BEGIN DATA RECORDS

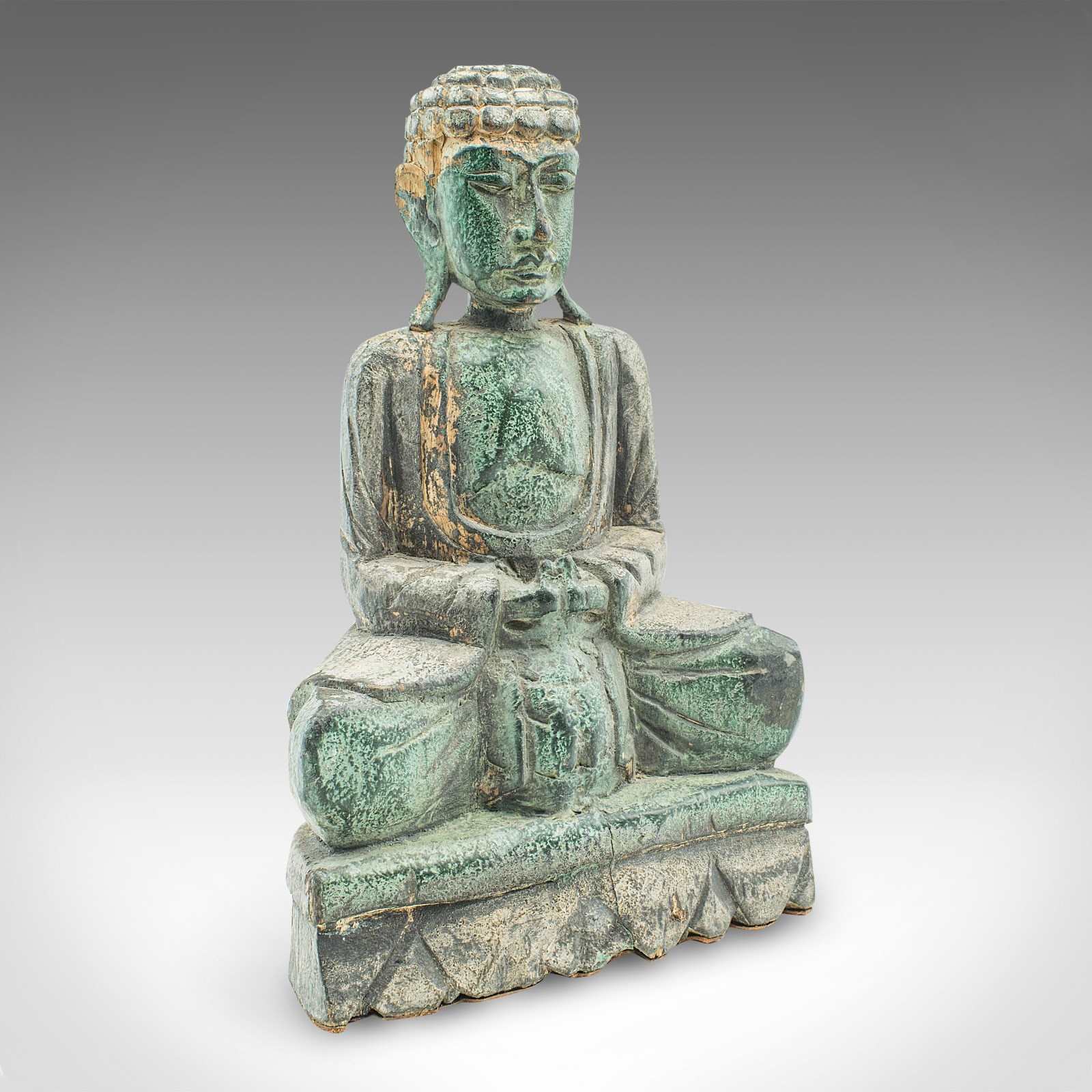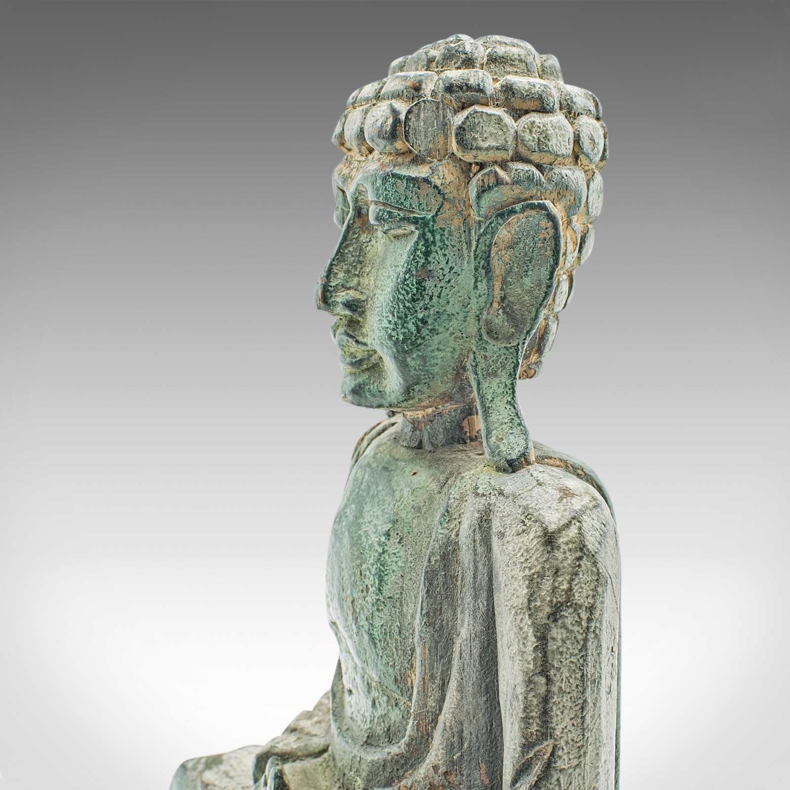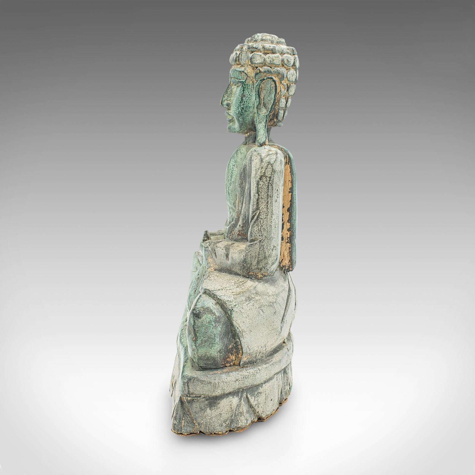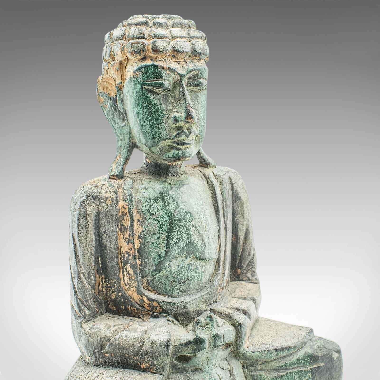 This is a vintage carved deity. An Oriental, bronzed pine Buddha figure, dating to the Art Deco period, circa 1930.
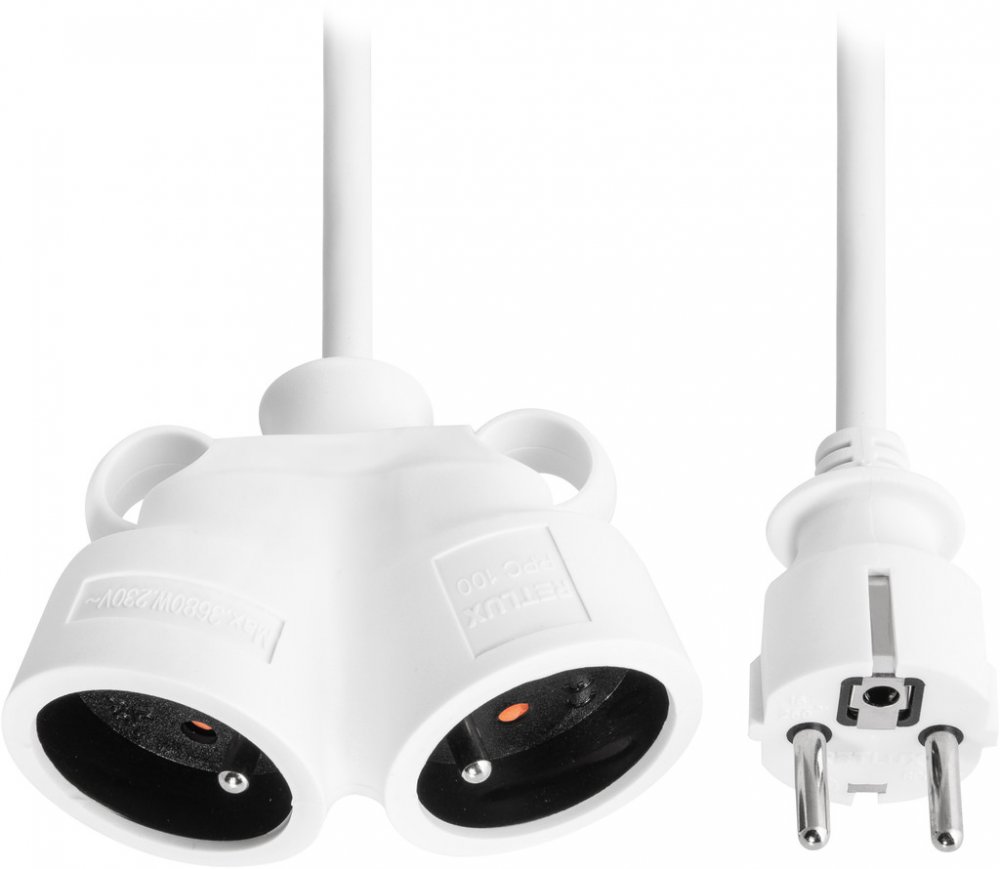 Dvoumetrový prodlužovací kabel RPC 100 s průchodkou, jednou zástrčkou a dvěma zásuvkami do „V“. U zásuvek jsou zalisována plastová očka pro snadnější manipulaci vytažení zástrček. Produkt obsahuje vodiče s parametry 3 x 1,5 mm2 a s maximálním proudem , zátěží 16A /3 680 W.
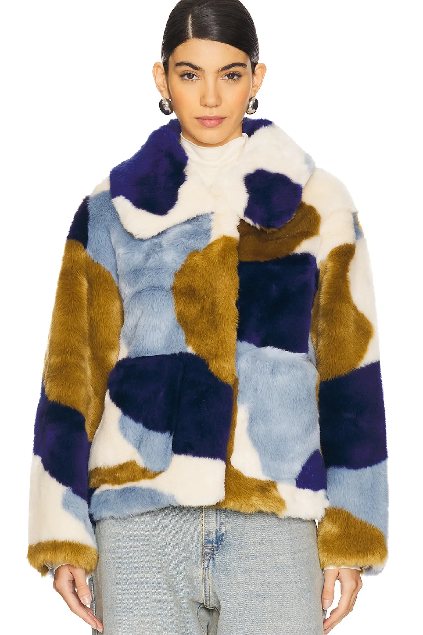 Self 1: 50% acrylic 50% modacrylic Self 2: 100% recycled polyester Lining: 45% viscose 55% recycled polyester.Made in China.Dry clean only.Front snap closure.Front slip pockets Notched lapel collar.Heavyweight faux fur fabric
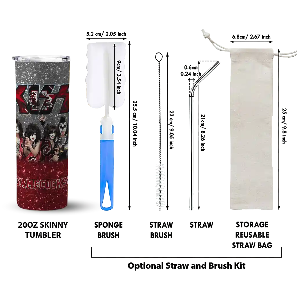 The Customized South Carolina Gamecocks Kiss Band Black Skinny Tumbler tumbler is the perfect way to stay refreshed while showing off your pride for South Carolina Gamecocks. With its double-wall insulation, your drinks stay at the right temperature for hours, whether you're enjoying a hot coffee or keeping your iced drink cold. What's inside? You’ll find 1 stainless steel tumbler, 1 clear lid, and 1 removable straw. It's the perfect blend of function and fan spirit! Ergonomically designed for comfort, made from durable stainless steel, and insulated to maintain your drink’s temperature, this tumbler is a must-have for any dedicated NCAA fan.
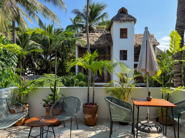 The PAL’ ESTAR Suite Grande is one of our most spacious and comfortable suites, perfect for long-term stays. It features a separate bedroom with a king-size bed, a large bathroom, and a fully equipped kitchen with a four-burner stove, oven, full size refrigerator, coffee maker, toaster, blender, and cooking utensils. In addition to the indoor dining area, guests can enjoy a generous private terrace with both a sitting area and a dining table—an ideal space for relaxing or entertaining. As with all our accommodations, the suite is equipped with air conditioning, ceiling fans, a safe box, and complimentary coffee and drinking water are provided.
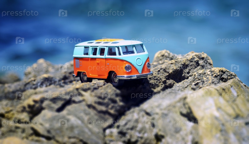 Винтажный миниатюрный оранжевый и синий фургон. Концепция путешествия
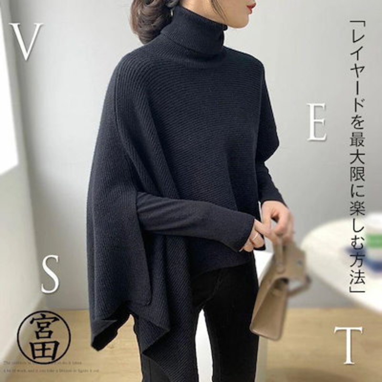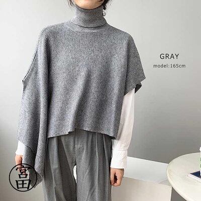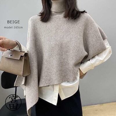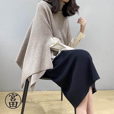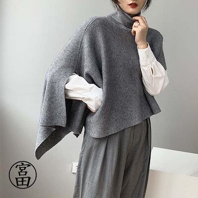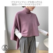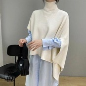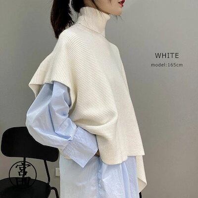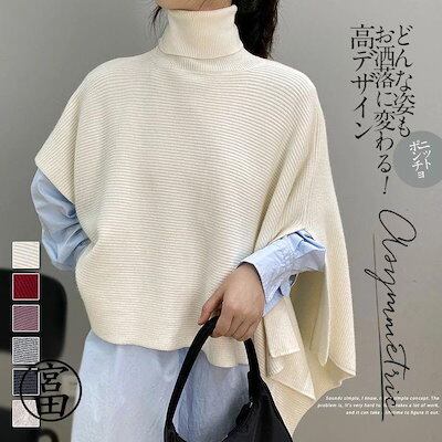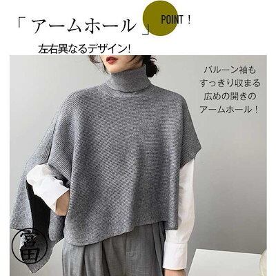 ベスト ポンチョ ニット 変形 セーター トップス レディース ノースリーブ 半袖 ハイネック タートルネック アシンメトリー アシメ ストール チョッキ 秋冬 ケ
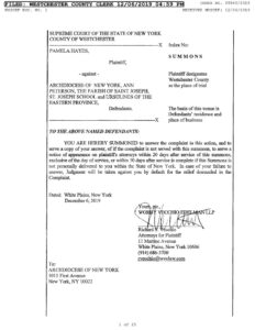 Pamela Hayes v. Archdiocese of New York, Ann Peterson, Parish of Saint Joseph [Middletown NY], St. Joseph School, and Ursulines of the Eastern Province, Complaint, December 6, 2019, Index No. 69940/2019
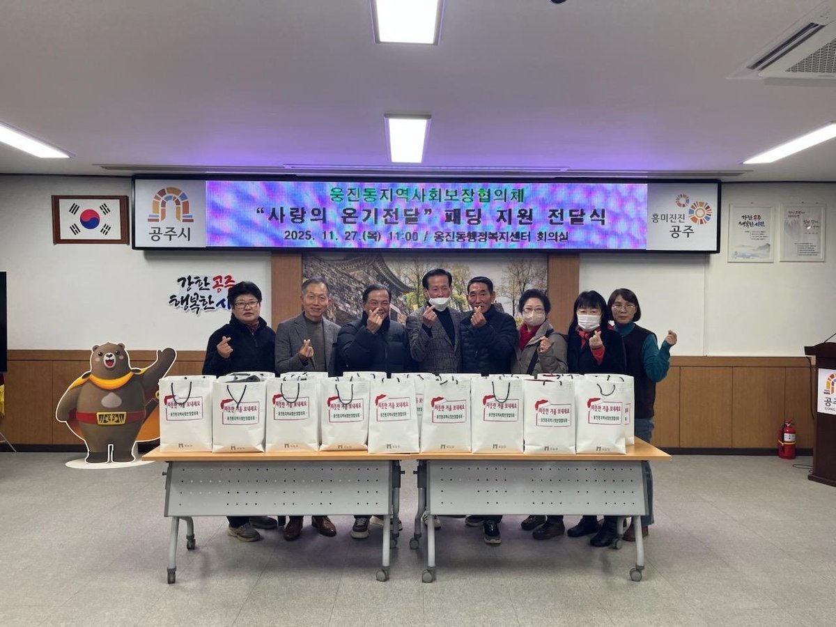 공주시 웅진동, ‘사랑의 온기전달 패딩’나눔 (공주시 제공) [PEDIEN] 공주시 웅진동에서 훈훈한 나눔 소식이 전해졌다. 웅진동 지역사회보장협의체가 지난 27일, 관내 저소득 어르신 17명에게 따뜻한 겨울 패딩을 전달하는 행사를 개최했다.이번 행사는 추운 겨울, 경제적인 어려움으로 따뜻한 외투를 마련하기 힘든 어르신들을 위해 마련됐다. 따뜻한 겨울옷 지원을 통해 어르신들의 건강한 겨울나기를 돕고, 지역사회에 나눔 문화를 확산하는 데 목적을 뒀다.패딩을 지원받은 한 어르신은 “외출할 때 마땅히 입을 옷이 없어 걱정했는데, 이렇게 따뜻한 패딩을 선물 받으니 정말 기쁘다”라며 감사의 마음을 표현했다.심재승 웅진동 지역사회보장협의체 위원장은 “어르신들이 따뜻하게 겨울을 보내실 수 있도록 이번 행사를 준비했다”며, “앞으로도 어려운 이웃들을 위한 다양한 지역 복지 활동을 꾸준히 추진할 계획”이라고 밝혔다.송의석 웅진동장은 “올 한 해 동안 소외된 이웃들을 위해 헌신적으로 봉사해 주신 지역사회보장협의체 위원들에게 깊은 감사를 드린다”며, “앞으로도 웅진동 주민 모두가 따뜻하고 행복하게 지낼 수 있도록 최선을 다하겠다”고 다짐했다. -
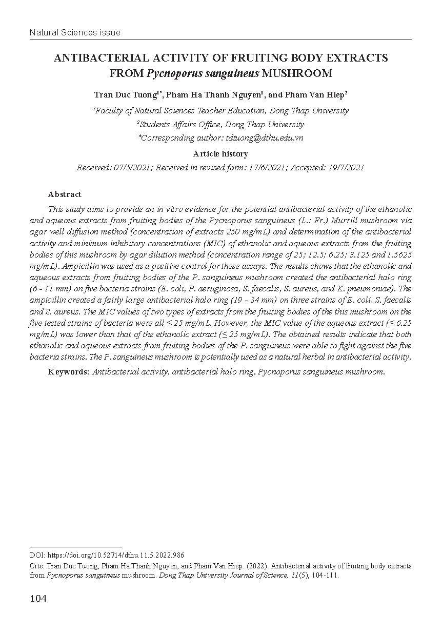 Hoạt tính kháng khuẩn của cao chiết quả thể nấm vân chi đỏ (Pycnoporus sanguineus) = Antibacterial activity of fruiting body extracts from Pycnoporus sanguineus mushroom
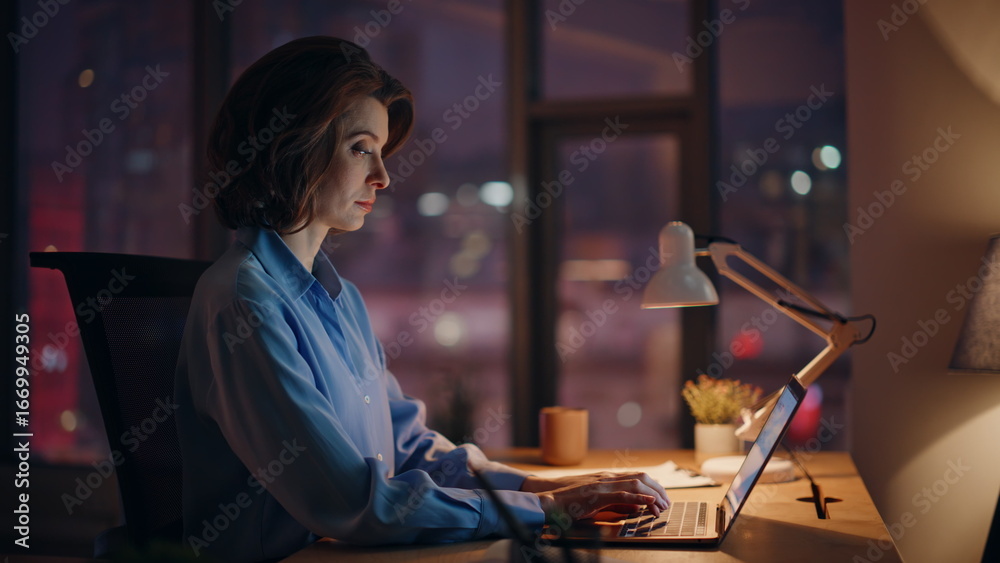 Late worker typing laptop in lamp light closeup. Serious businesswoman working

END DATA RECORDS

§ **EXERCISE DIRECTIONS**:
All that is needed is an exact copy of the lines from the top of the entries through the line containing "Dvoumetrový prodlužovací kabel", pictures left out.

§ **SOLUTION**:
 This is a vintage carved deity. An Oriental, bronzed pine Buddha figure, dating to the Art Deco period, circa 1930.
 Dvoumetrový prodlužovací kabel RPC 100 s průchodkou, jednou zástrčkou a dvěma zásuvkami do „V“. U zásuvek jsou zalisována plastová očka pro snadnější manipulaci vytažení zástrček. Produkt obsahuje vodiče s parametry 3 x 1,5 mm2 a s maximálním proudem , zátěží 16A /3 680 W.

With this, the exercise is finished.